Jasmine: Absolutely. Yeah. Absolutely. And I think, you know, to not compare yourself to other people’s process, I think – sometimes you’ll see on Twitter people talking about their huge word counts for the day. Don’t let yourself think that that’s what you need to be doing. I think sometimes that happens for everyone, and sometimes that doesn’t, and that’s fine. Just, you know, whatever makes you proud of yourself during the day works really well for you. One thing that I started doing was – again, I, this sounds regimented, but it has worked for me – is to have a spreadsheet of just, like, everything that I, you know, where I just put in what I do every day, and it just really helps me to see. Sometimes I wrote a lot one day, and then the next day –
[Laughter]
Jasmine: – I wrote very little, and it just helps you see, like, things go up and down; that’s okay. I just kept going, and I think that’s really, again, keep going is the most important thing.

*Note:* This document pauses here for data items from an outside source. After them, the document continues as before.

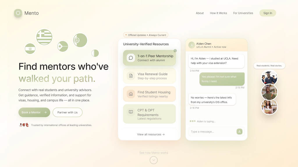 I collaborated with an interdisciplinary IYA team to shape Mento from an early idea into a focused strategic concept aimed at improving the fragmented support international students receive in U.S. education systems.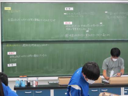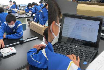 6月2日(木) 3年生(理科)「運動エネルギー」 公開日 2022/06/02 更新日 2022/06/02 できごと 運動エネルギーの大きさは何と関係しているのか?これまでに学習した位置エネルギーのことをもとにジャムボードで予想を出し合い、実験に取り組んでいます。実験データはスプレッドシートに入力してクラスで共有し考察に生かします。
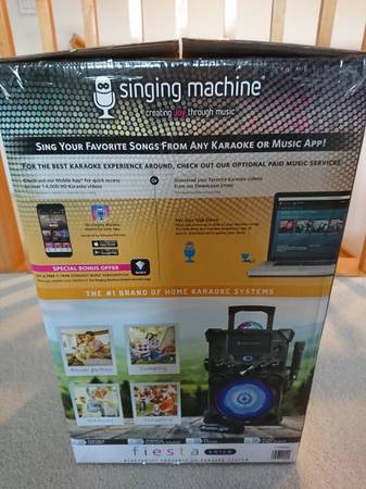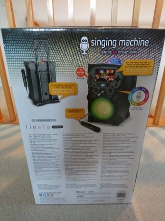Singing machine Fiesta Voice Karaoke System. Bluetooth portable High-Definition video player with 2 microphones, 6-built in voice effects, and powerful bluetooth speaker and public-address system....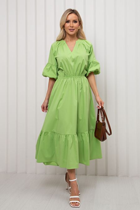 Стильное легкое платье приталенного силуэта. Короткий рукав реглан по низу оформлен притачной манжетой — фонарик. Горловина на сборке, оформлена стойкой. Модель отрезная на линии талии, присборена на эластичную резинку. Низ юбки оформлен притачным воланом. <br> Рекомендуемая стирка при t не более 30°.<br> Длина изделия: 124 см<br> Длина рукава от горловины: 39 см<br> Рост фотомодели: 168 см <br> Размер фотомодели: 42<br> Ткань: Хлопок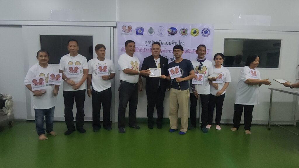 วันที่ 8 พฤศจิกายน 2567 ที่ศูนย์ประสานงานลูกปทุมต้นแบบต้านโกง สาขาลาดหลุมแก้ว ตำบลหน้าไม้ อำเภอลาดหลุมแก้ว จังหวัดปทุมธานี นายพงศธรรศ รุจิพุฒธันยพัต นายกสมาคมนักข่าวปทุมธานี ประธานอำนวยการลูกปทุมต้นแบบต้านโกง ได้ทำพิธีการมอบใบประกาศเชิดชูเกียรติให้กับอาสาสมัครผู้สังเกตการณ์ ป้องกันและปราบปรามทุจริตการเลือกตั้ง เมื่อวันที่ 22 กันยายน 2567 ที่ผ่านมา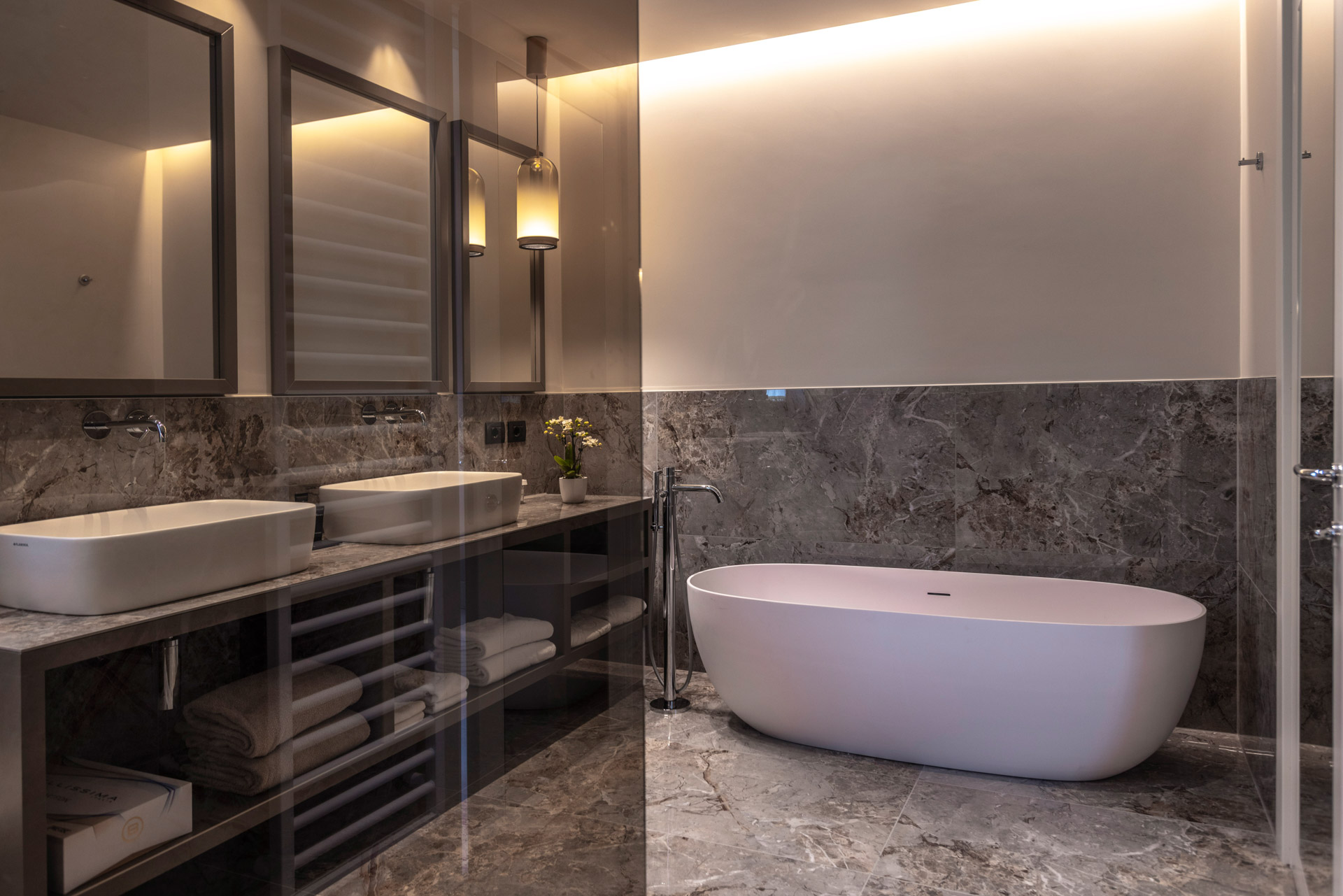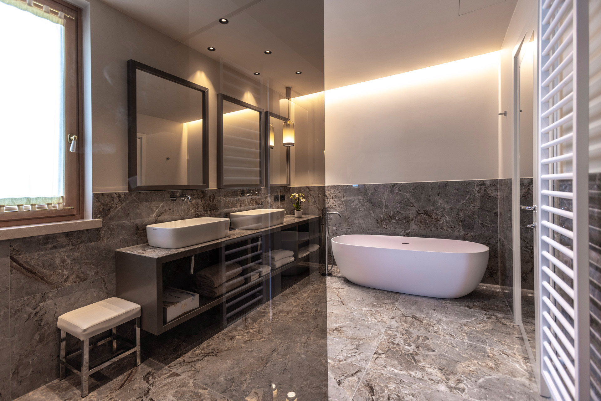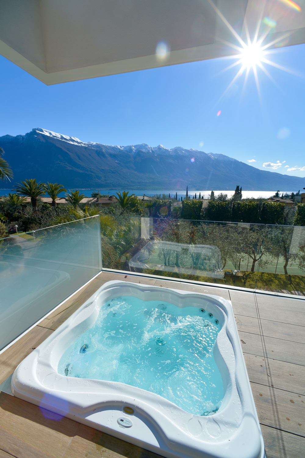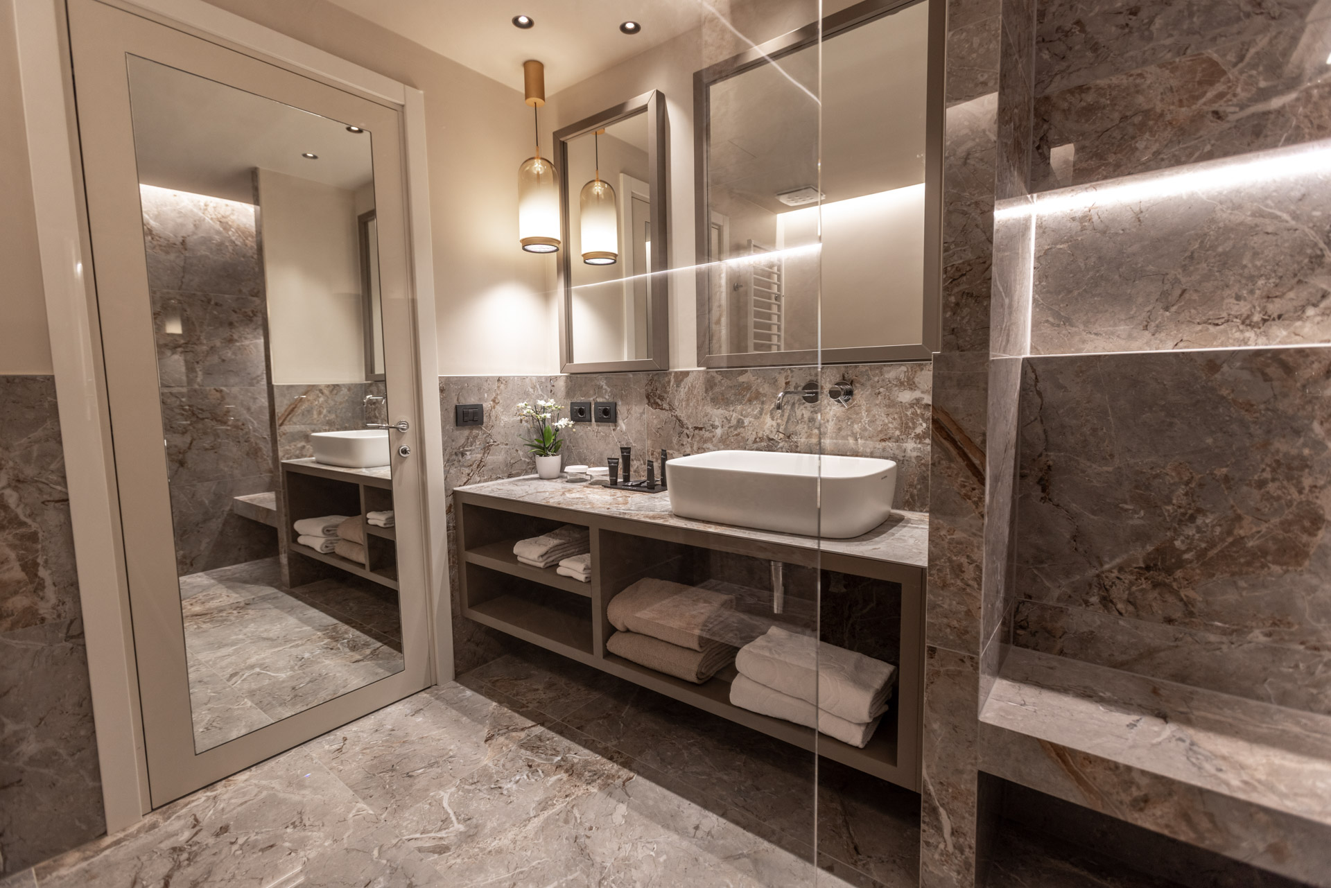 Space, luxury, privacy, an experience to be lived in the Deluxe Suites, designed to offer the ultimate in comfort and style. Each suite features two independent bedrooms with double bathrooms, characterized by light colors and modern furnishings, embellished by large windows offering breathtaking views of the lake. An impeccable example of Italian design that will leave our guests speechless. Each suite boasts an exclusive lake view, a private patio and a refined mini jacuzzi pool. The double bathrooms are equipped with a shower, soft bathrobes and two types of slippers for an unparalleled luxury experience. You will also find a direct dial phone, minibar, tea and coffee maker, Dyson hairdryer, make-up mirror and a complete bathroom line.

Sarah: That’s very true. That’s very true. You, you can’t, you can’t write a book if you’re not writing words somewhere somehow.
Jasmine: Yeah.
Sarah: Even if it’s two.
Jasmine: Yeah. Keeping, writing every day just keeps it in my mind all the time?
Sarah: Yeah.
Jasmine: So often I will be thinking about it and then, in a time when I’m not writing, and have new ideas, but it just, like, even just writing a hundred words on something that day when those hundred words didn’t work, that scene got cut later, but then later on that night I woke up in the middle of the night and had a good idea, just because the, because I was wrestling over, like, why didn’t that work? What can I do? I don’t know. Oh! Now I know. And so that, you know, just, like, keeping it in my head constantly has been really valuable for me.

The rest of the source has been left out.